Two years later, he said at a press conference that he did not consider Jews to be European (i.e. white). He has also promoted MacDonald’s books. The National Policy Institute, the white supremacist organization Spencer heads, featured MacDonald as a speaker at its annual conferences in 2015 and 2016. Spencer also invited TV personality and anti-Semite Tila Tequila to the NPI conference in November 2016. At that conference, a number of people in the audience made Nazi salutes after Spencer “hailed” the victory of Donald Trump in the presidential election. Spencer refused to condemn the salutes.


Spencer has been involved in a number of publications and organizations, and got his start in the conservative movement.

Spencer became the president of NPI in 2011. In addition to heading NPI, Spencer runs two associated ventures—Radix Journal, a publication featuring essays on white nationalism and other issues, and Washington Summit Publishers, which publishes the works of racists. Most recently, Spencer founded Altright.com, an online sounding board for the movement. The site was created with the help of Swedish white supremacists and is part of a venture called the AltRight Corporation. Spencer and his Swedish partners, Arktos Media, a far-right publishing company, and Red Ice Radio, a video and podcast platform featuring racists from around the world, want to bring the message of white nationalism to mainstream audiences.
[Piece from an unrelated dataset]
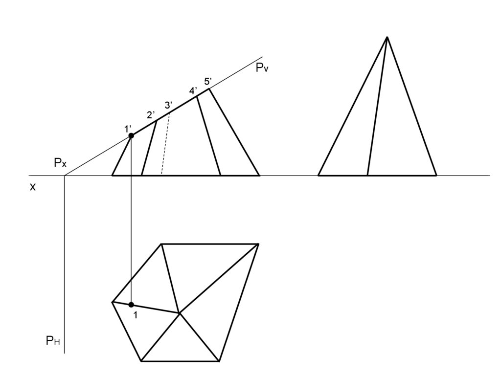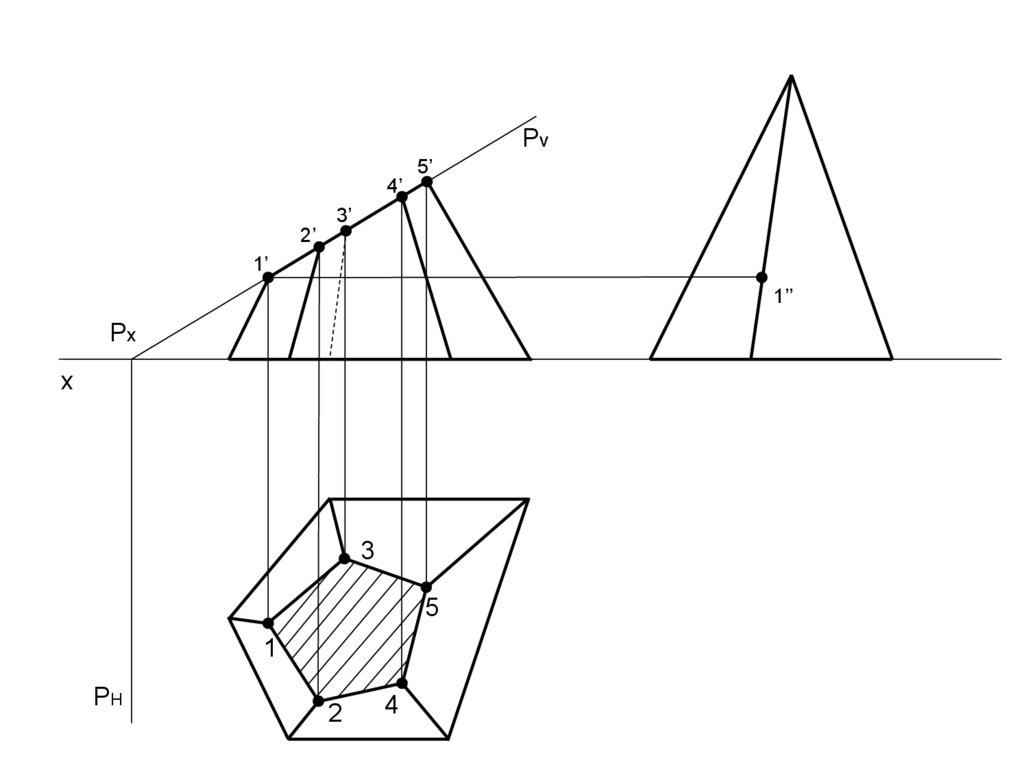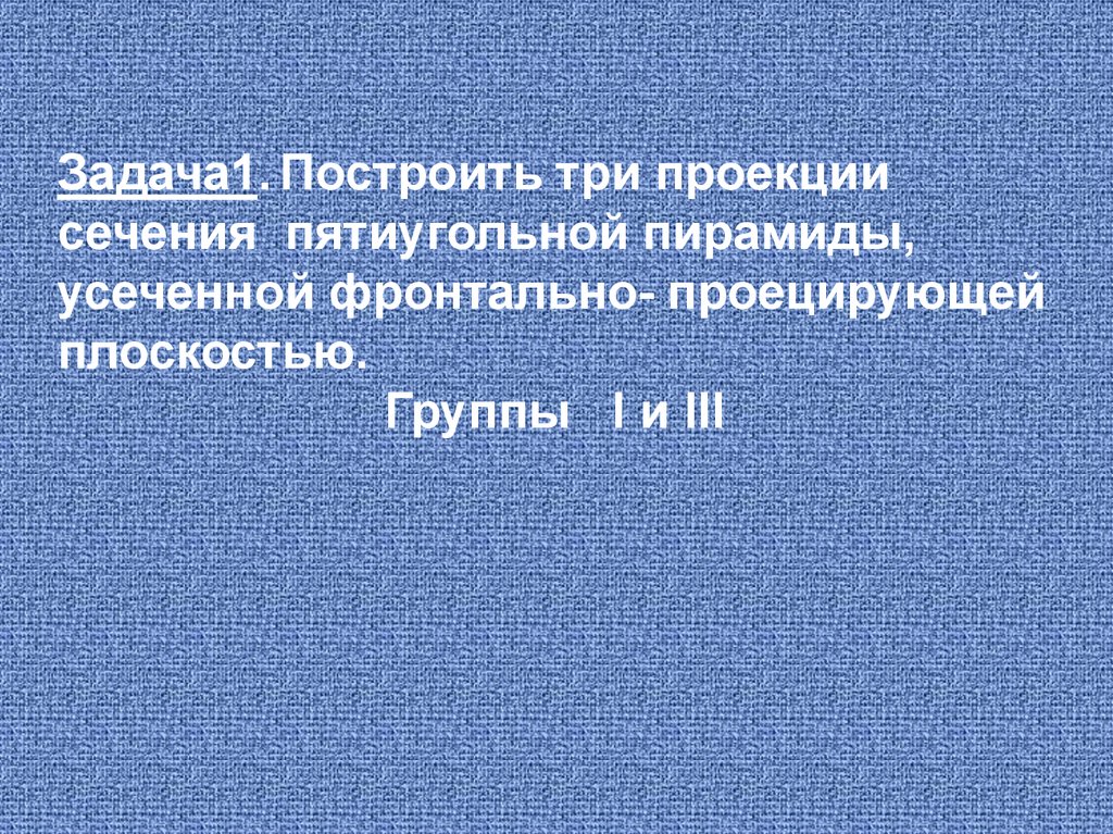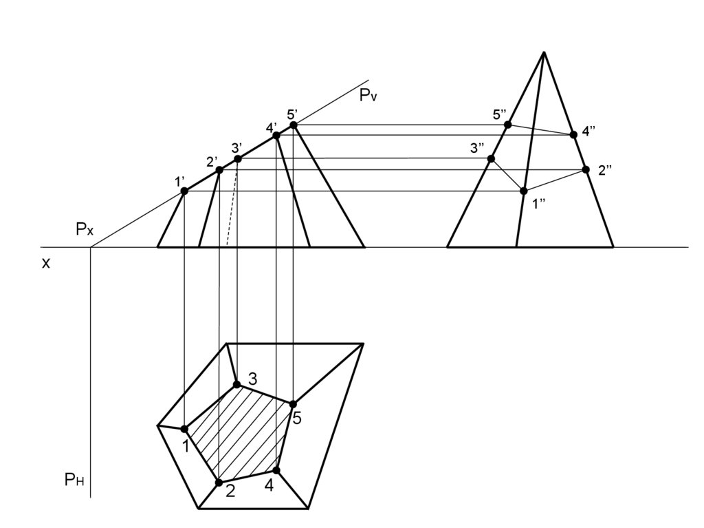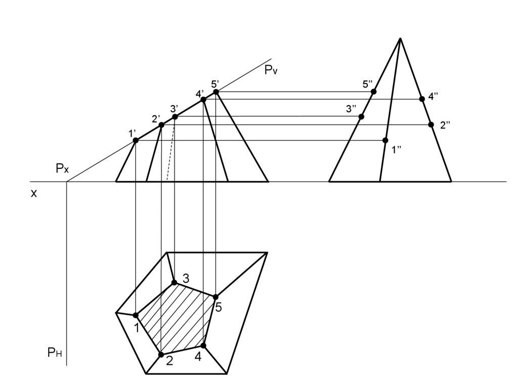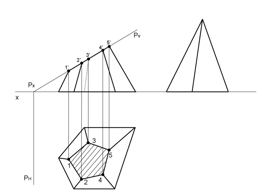 Задача1. Построить три проекциисечения пятиугольной пирамиды,

Previously, in 2010, Spencer created another online journal, Alternative Right, where he began to promote white nationalism. He left Alternative Right in 2012 and handed over the reins to others. Before that, Spencer was an editor at Taki’s Magazine and worked at The American Conservative as an assistant editor.

Spencer hopes to attract young, educated whites to the white supremacist movement.
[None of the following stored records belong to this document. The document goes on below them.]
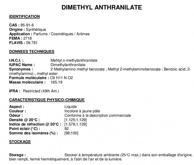 Диметилантранилат используется в качестве акцента флердоранжа или нероли в цветочных композициях, для придания изюминки одеколону. Органично сочетается с аккордами петитгрейна, мандарина и жимолости, смягчая острые грани и придавая аромату легкое цветочное сияние. Если, при работе с альдегидами, вам нужно избежать шиффовой основы, то лучше используйте именно Dimethyl Anthranilate. Рекомендуемая дозировка варьируется от незначительных следов до примерно 5 % концентрата.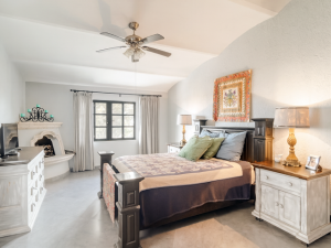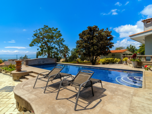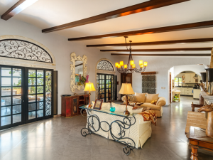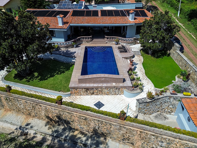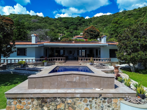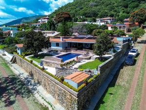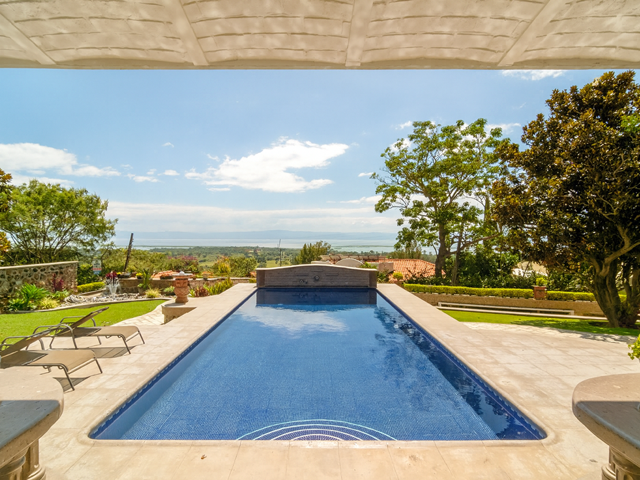 After 30 years of selling homes at lakeside it is with great pleasure, I bring you this spectacular lake and mountain view home that will make entertaining friends and family a joy. Enter via an arched foyer to this one level home and you are greeted by the vaulted ceilings in the great living room on to which two black wrought iron doors that lead you out to a massive, covered terrace. The two master bedroom suites each with their own distinctive bathrooms and closets flank the southern facing terrace with access direct to terrace from each bedroom. With only a few steps away the solar heated lap pool is bordered by two gorgeous mature Magnolia trees that frame the unstoppable view of Lake Chapala. On the west wing of the home, you’ll find a superb custom-built kitchen with a massive butcher block island, a custom-built wooden bar, lake view dining room with a charming fireplace, large office, half bathroom and a back door entry mud room, pantry and laundry room. Yet there is more, a separate building with a lake view that could be used as an art studio, hobby room or a separate sleeping quarters for the grand kids. Full solar electric system, one car covered parking with off street for 3 more cars and loads of storage. Located in the quiet and secure Vista del Lago, a superior gated community with 24-hour security and 365 days a year 24/7 supply of good clean water pumped right into to your home. And to top it all off a wonderful 18-hole golf club with restaurant and bar service’s.
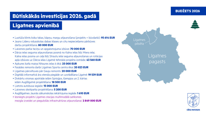 Līgatnes apvienības pārvaldes vadītāja Liene Krīvena par šī gada budžetu norāda: “2026. gada budžeta fokusā ir teritorijas un infrastruktūras uzlabojumi, lai nodrošinātu kvalitatīvu vidi gan iedzīvotājiem ikdienā, gan viesu apmeklējumiem Līgatnē un Augšlīgatnē.

Spencer organizes a number of annual events, including the NPI conference, which he encourages college students to attend. The 2016 conference was attended by 200 to 300 people, many of them young. This was a marked increase over the previous year’s conference, which attracted 120 to 175 people. Spencer has embraced the young Internet activists who are part of the alt right and have created memes, symbols and language that often deride and harass others.

In 2016, Spencer launched a college tour to bring his white nationalist message to campuses nationwide. In December 2016, he spoke at Texas A&M University and at Auburn University in April 2017. He has also attempted to schedule appearances at public universities across the country, including in Florida, Pennsylvania, Ohio, Louisiana, North Carolina and Michigan. (Note: He spoke at the University of Florida on Thursday, Oct. 19)
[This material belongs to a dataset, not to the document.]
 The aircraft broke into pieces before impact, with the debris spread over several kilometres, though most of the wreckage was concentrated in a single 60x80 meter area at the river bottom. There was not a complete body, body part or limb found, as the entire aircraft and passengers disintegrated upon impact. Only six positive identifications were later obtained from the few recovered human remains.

Spencer was jailed in Hungary and is banned from visiting Great Britain.

In 2014, Spencer attempted to hold the annual NPI conference in Budapest, Hungary. The theme was “The Future of Europe.” The Hungarian authorities banned the conference and Spencer was arrested when he tried to hold the conference despite the ban. Some of his supporters, including Jared Taylor, managed to hold a watered-down event in Budapest without Spencer. Spencer was then banned for three years from the visa-free Schengen area of European countries, which includes most of the European Union. In 2016, the Home Office of the British government banned Spencer from visiting Great Britain due to his white supremacist views.